**Records for processing:**
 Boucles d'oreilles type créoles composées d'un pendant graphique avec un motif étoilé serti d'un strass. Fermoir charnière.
==
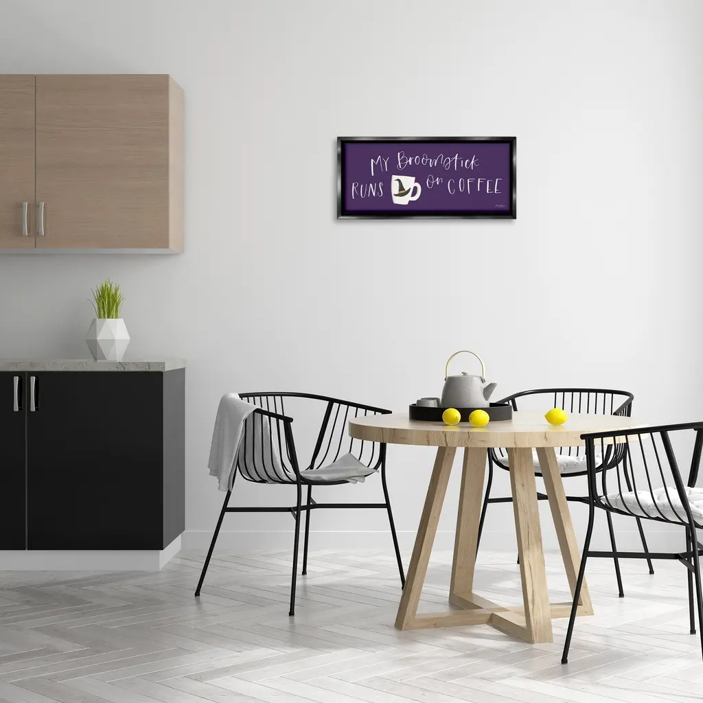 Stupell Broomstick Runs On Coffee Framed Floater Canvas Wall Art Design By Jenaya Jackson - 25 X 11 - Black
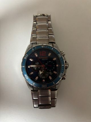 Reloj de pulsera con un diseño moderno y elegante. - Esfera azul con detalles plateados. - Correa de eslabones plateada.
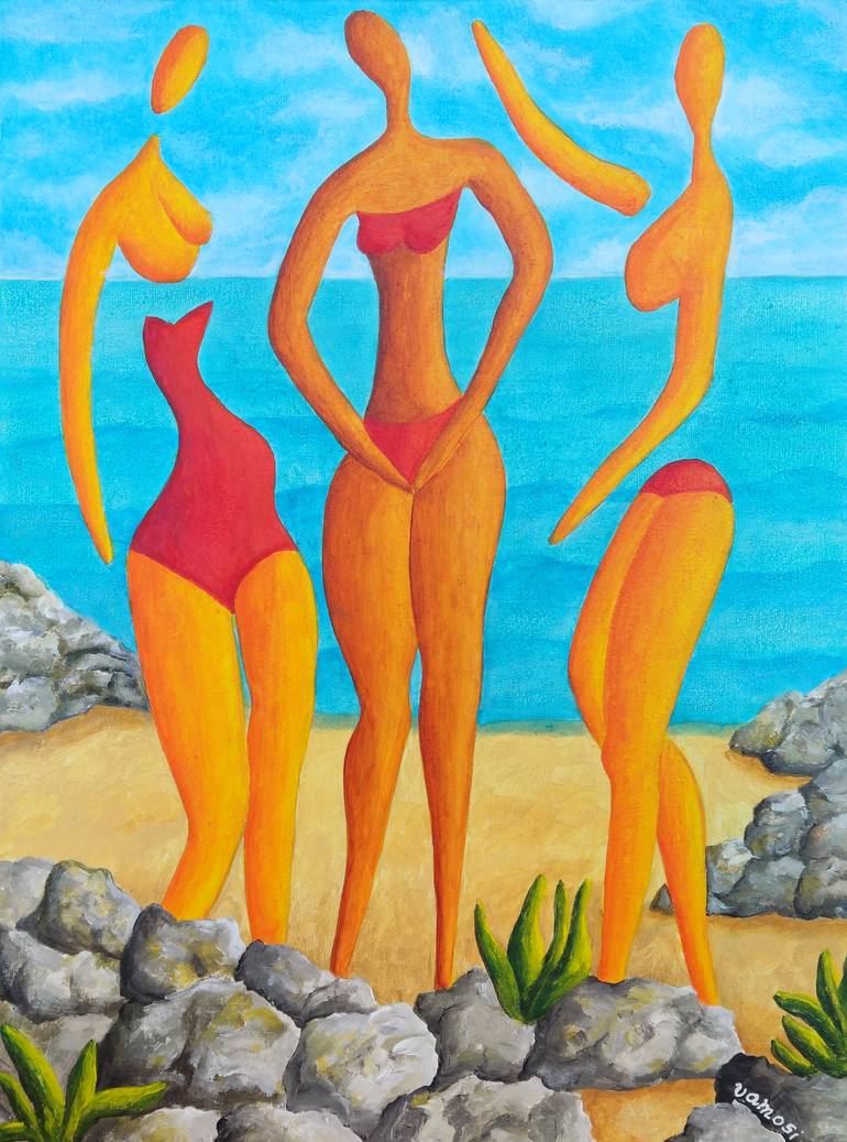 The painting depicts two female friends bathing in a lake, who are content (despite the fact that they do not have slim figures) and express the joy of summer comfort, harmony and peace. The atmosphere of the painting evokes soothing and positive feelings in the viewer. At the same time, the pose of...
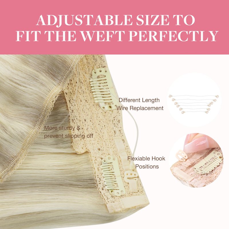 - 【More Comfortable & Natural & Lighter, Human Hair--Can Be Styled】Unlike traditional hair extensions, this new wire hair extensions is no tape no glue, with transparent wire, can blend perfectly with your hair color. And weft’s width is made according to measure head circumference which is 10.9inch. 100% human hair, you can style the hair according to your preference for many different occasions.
--
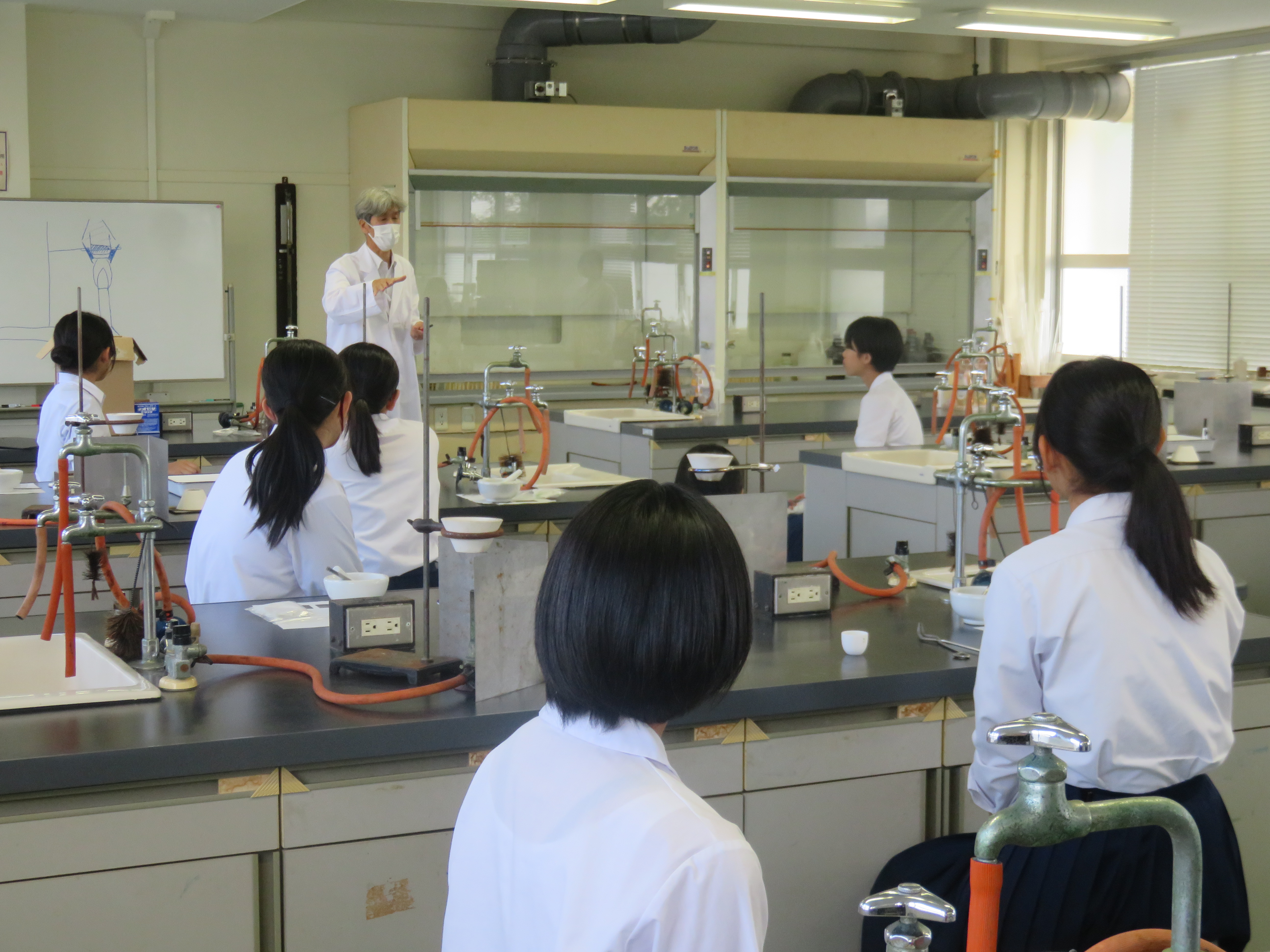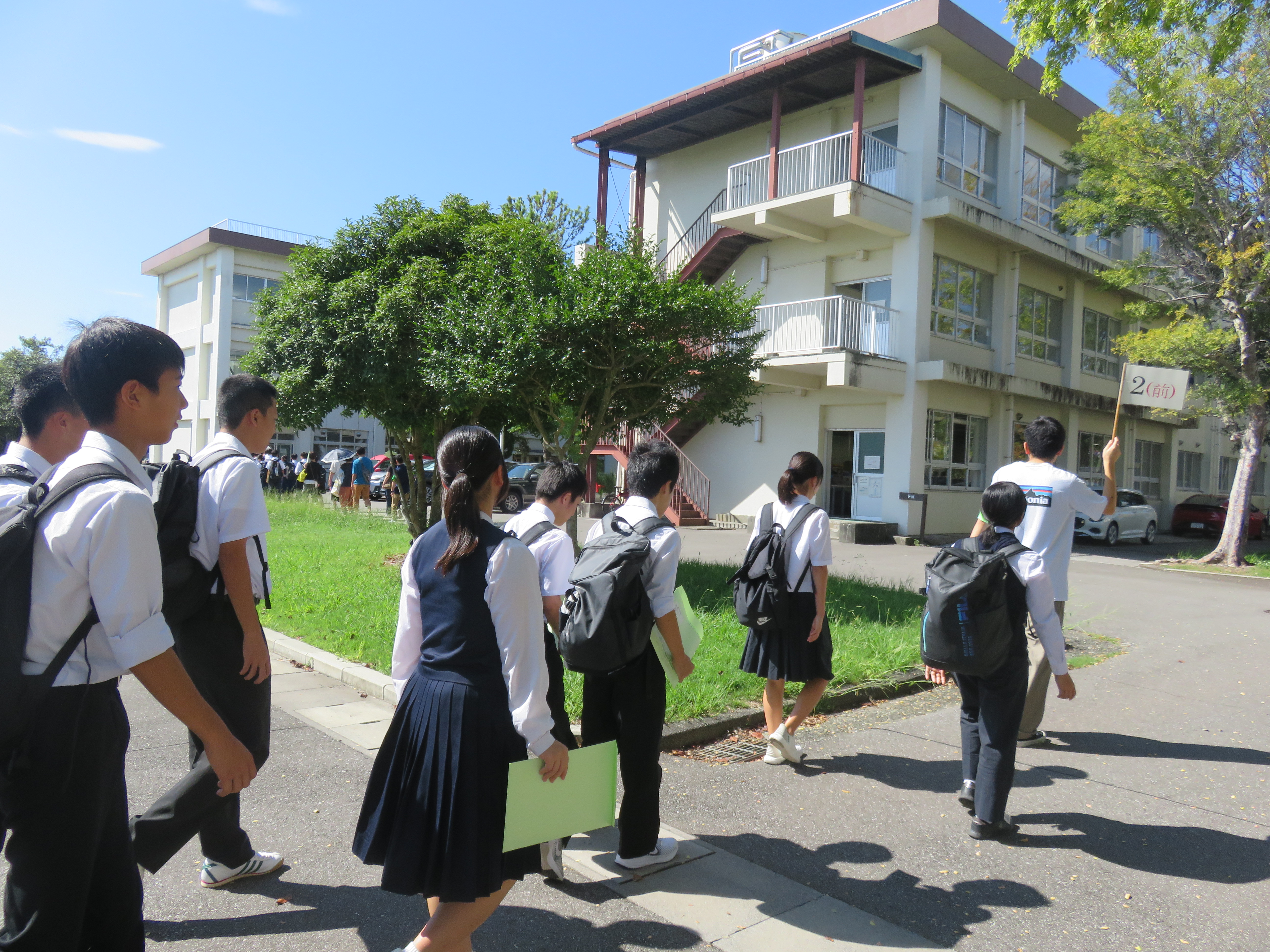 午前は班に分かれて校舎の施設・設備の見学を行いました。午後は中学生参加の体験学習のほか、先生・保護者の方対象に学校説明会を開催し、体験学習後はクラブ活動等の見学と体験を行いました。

**Task statement:** Once the line with "Reloj de pulsera" is found in the data above, reproduce it and each line after it exactly, through the line with "The painting depicts". Omit the pictures.

**Exercise solution:**
 Reloj de pulsera con un diseño moderno y elegante. - Esfera azul con detalles plateados. - Correa de eslabones plateada.
 The painting depicts two female friends bathing in a lake, who are content (despite the fact that they do not have slim figures) and express the joy of summer comfort, harmony and peace. The atmosphere of the painting evokes soothing and positive feelings in the viewer. At the same time, the pose of...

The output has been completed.